Naturally, Trudi was the first person to gush all over Wallace. Right in front of everybody, she threw her arms around his neck and planted a humongous kiss on his smarmy cheek. I was humiliated on her (idiotic) behalf.

My disgust was interrupted by Vito’s voice: “Wait a minute! It isn’t fair!”

Nathaniel jumped all over this. “Right! Right!” he cried. “You bet it isn’t fair! Vito and I object! Tell them, Vito!”

“How come Rory gets to have all the fun?” Vito demanded. “I want to be on Rollerblades, too.”

The color drained out of Nathaniel’s face. “What?”
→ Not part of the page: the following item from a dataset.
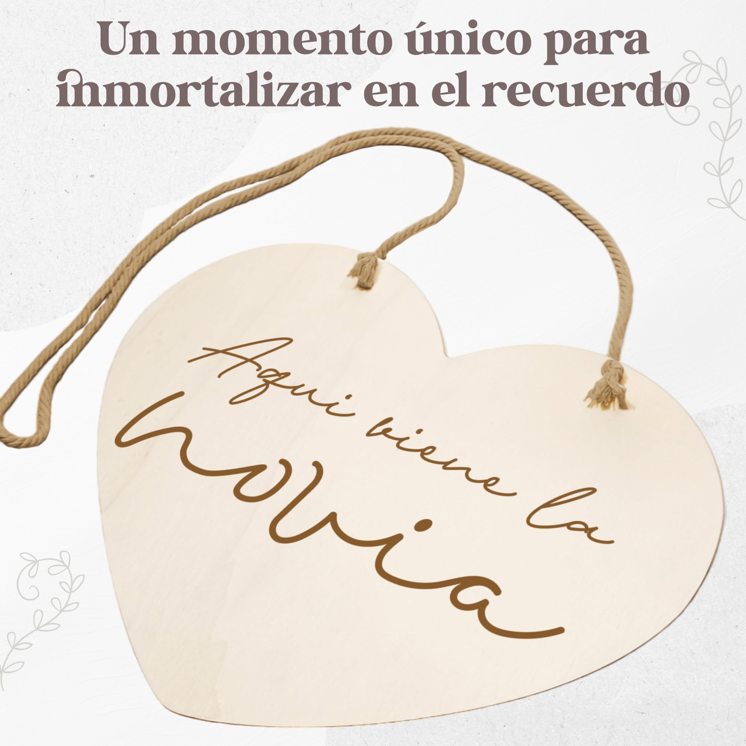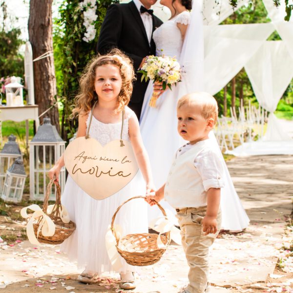 Wooden plaque with the message “Here comes the bride.” To announce the bride’s arrival at the altar at a wedding.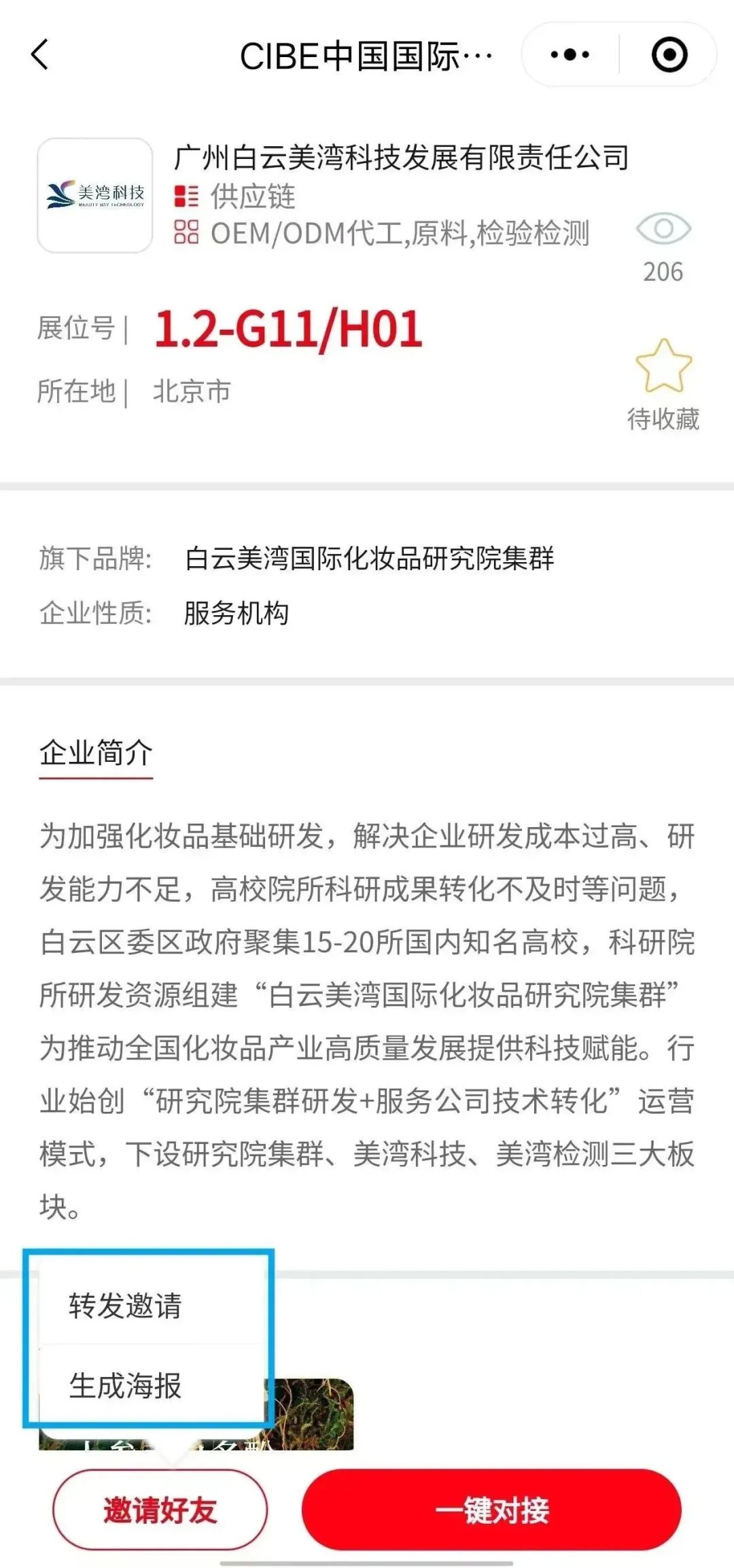 点击【邀请好友】-【转发邀请】,可将带有该展商信息的小程序分享给好友。

“Yeah!” Trudi shrieked. “All the Lamont kids should be on Rollerblades for the first scene! Wallace, can we do it?”

“We’ll try it at tomorrow’s rehearsal,” Wallace agreed. Then, as an afterthought, he looked at Mr. Fogelman. “Okay?”

“Thank you for asking,” the director said with sarcastic politeness. He thought it over. “If you people can Rollerblade around the stage without bumping into one another and breaking your necks, I suppose it’s worth a try.”

Nathaniel was sputtering with rage and dismay. “But—but—I’ve never been on Rollerblades!”

“Yo, man, this is your lucky day,” Rory assured him. “Because I am a one-man clinic on wheels! Step right up, and I’ll have you hot-dogging in no time!”

“But I don’t want to hot-dog!” Nathaniel wailed.